GIVEN MATERIAL Block Start

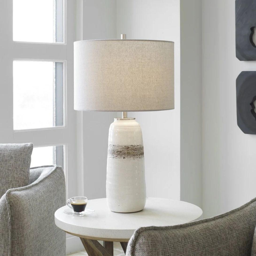 Infuse your interior with rustic charm and refined detail with the Uttermost Ribbed Ceramic Table Lamp. Showcasing a casual yet sophisticated design, this lamp features a ceramic base finished in a softly weathered off-white crackle glaze, highlighted by distressed rust brown accents and a noticeable ribbed texture that adds depth and visual interest.
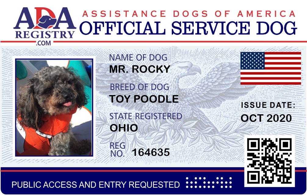 Service Dog Registration for Mr. Rocky
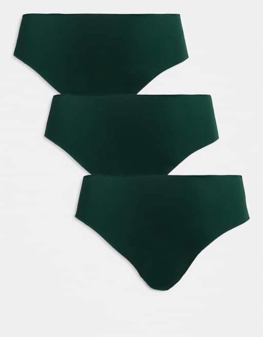 Pack de 3 braguitas brasileñas verde bosque de tejido efecto invisible y encaje de ASOS DESIGN Curve
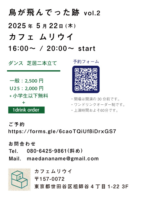 クラファンクロストークでもお世話になったダンサーの横山彰乃さんと前田斜めのふたりで鳥が飛んでった跡!vol.2!

GIVEN MATERIAL Block End

# ACTION ITEM:
Restate every line of the data above word for word, with the images removed.

# EXERCISE OUTPUT:
 Infuse your interior with rustic charm and refined detail with the Uttermost Ribbed Ceramic Table Lamp. Showcasing a casual yet sophisticated design, this lamp features a ceramic base finished in a softly weathered off-white crackle glaze, highlighted by distressed rust brown accents and a noticeable ribbed texture that adds depth and visual interest.
 Service Dog Registration for Mr. Rocky
 Pack de 3 braguitas brasileñas verde bosque de tejido efecto invisible y encaje de ASOS DESIGN Curve
 クラファンクロストークでもお世話になったダンサーの横山彰乃さんと前田斜めのふたりで鳥が飛んでった跡!vol.2!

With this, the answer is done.